■ **REQUIREMENT**
Repeat the data that follows exactly, starting at the line with "Changes in T" and ending at the line with "Plus, that round, fire-pit", and leave out every picture.

═══ THE DATA

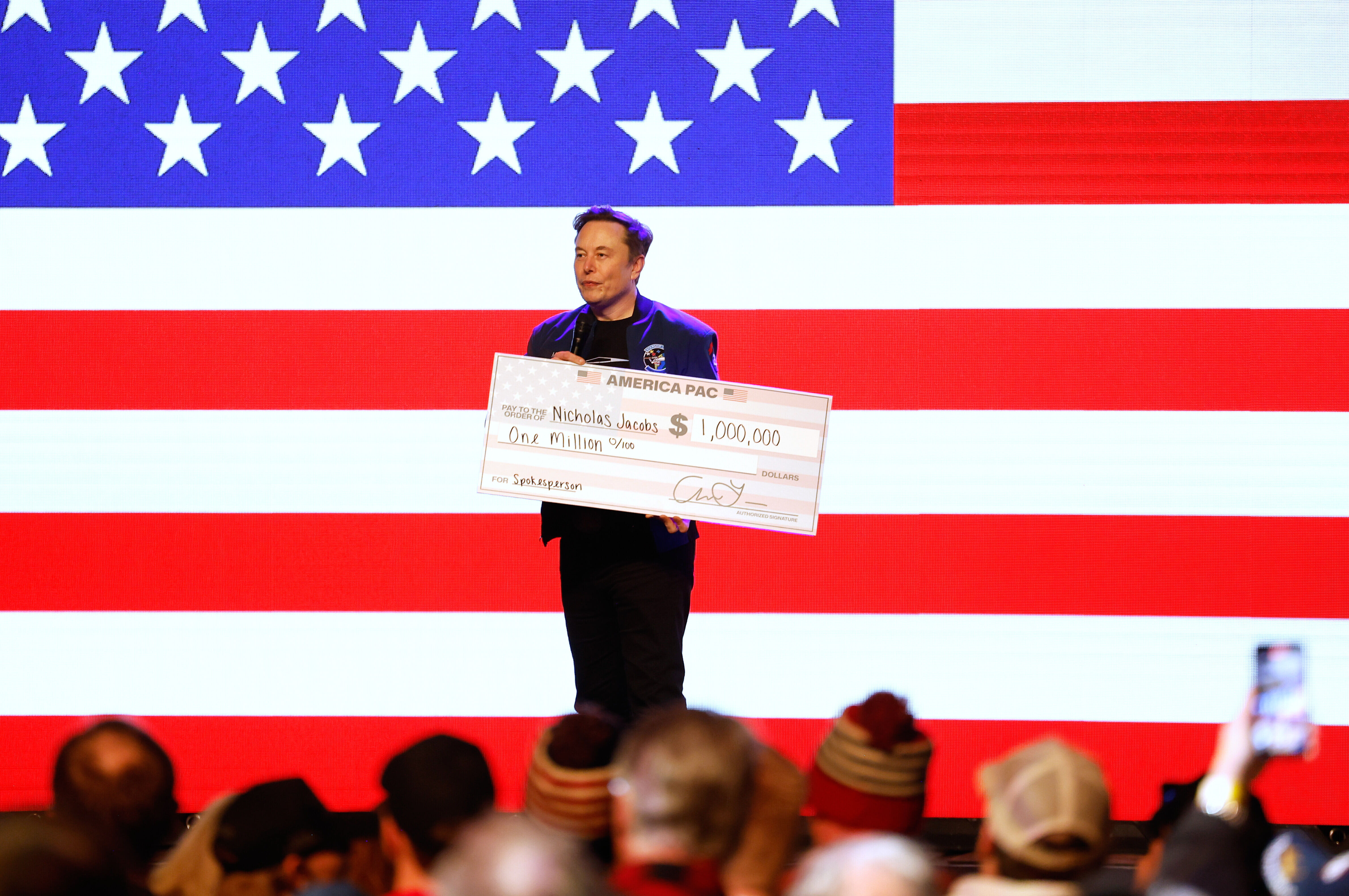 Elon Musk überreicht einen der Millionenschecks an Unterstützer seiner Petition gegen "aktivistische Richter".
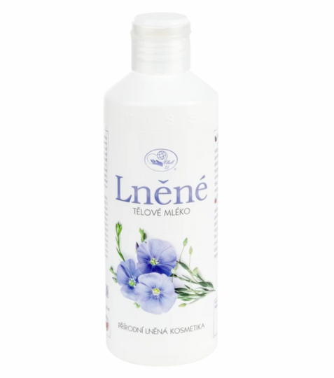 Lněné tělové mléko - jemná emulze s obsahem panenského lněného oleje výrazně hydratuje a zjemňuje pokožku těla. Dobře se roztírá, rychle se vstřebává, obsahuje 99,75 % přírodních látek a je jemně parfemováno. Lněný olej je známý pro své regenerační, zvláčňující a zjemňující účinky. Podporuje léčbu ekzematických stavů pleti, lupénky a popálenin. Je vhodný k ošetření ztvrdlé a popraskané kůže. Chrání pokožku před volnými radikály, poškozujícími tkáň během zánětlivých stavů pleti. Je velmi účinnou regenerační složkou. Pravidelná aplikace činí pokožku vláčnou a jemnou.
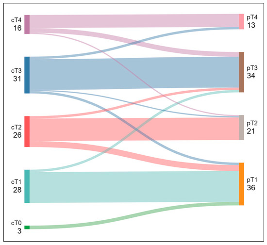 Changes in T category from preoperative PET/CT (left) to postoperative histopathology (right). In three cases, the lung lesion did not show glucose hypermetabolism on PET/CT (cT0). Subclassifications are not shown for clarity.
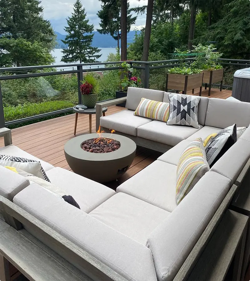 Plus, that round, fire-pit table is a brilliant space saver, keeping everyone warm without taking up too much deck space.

══════
═══ THE DATA

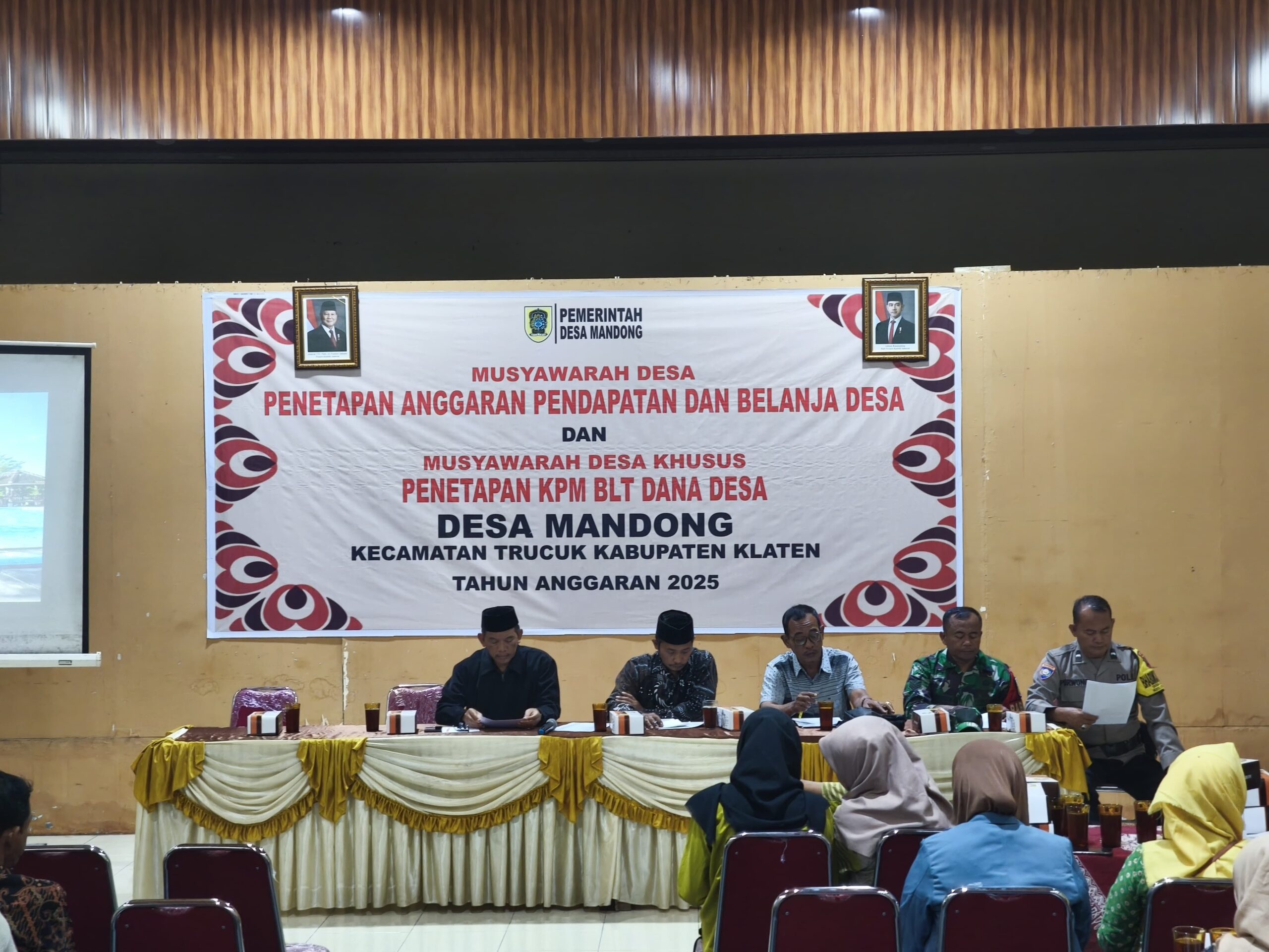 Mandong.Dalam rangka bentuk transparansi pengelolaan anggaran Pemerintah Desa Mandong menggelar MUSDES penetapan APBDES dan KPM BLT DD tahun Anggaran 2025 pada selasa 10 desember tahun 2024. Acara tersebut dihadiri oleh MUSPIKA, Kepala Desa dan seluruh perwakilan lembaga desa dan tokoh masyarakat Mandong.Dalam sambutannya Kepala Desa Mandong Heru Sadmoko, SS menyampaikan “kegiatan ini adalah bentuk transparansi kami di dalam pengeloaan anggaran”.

══════

■ **ANSWER FOR THE TASK**
 Changes in T category from preoperative PET/CT (left) to postoperative histopathology (right). In three cases, the lung lesion did not show glucose hypermetabolism on PET/CT (cT0). Subclassifications are not shown for clarity.
 Plus, that round, fire-pit table is a brilliant space saver, keeping everyone warm without taking up too much deck space.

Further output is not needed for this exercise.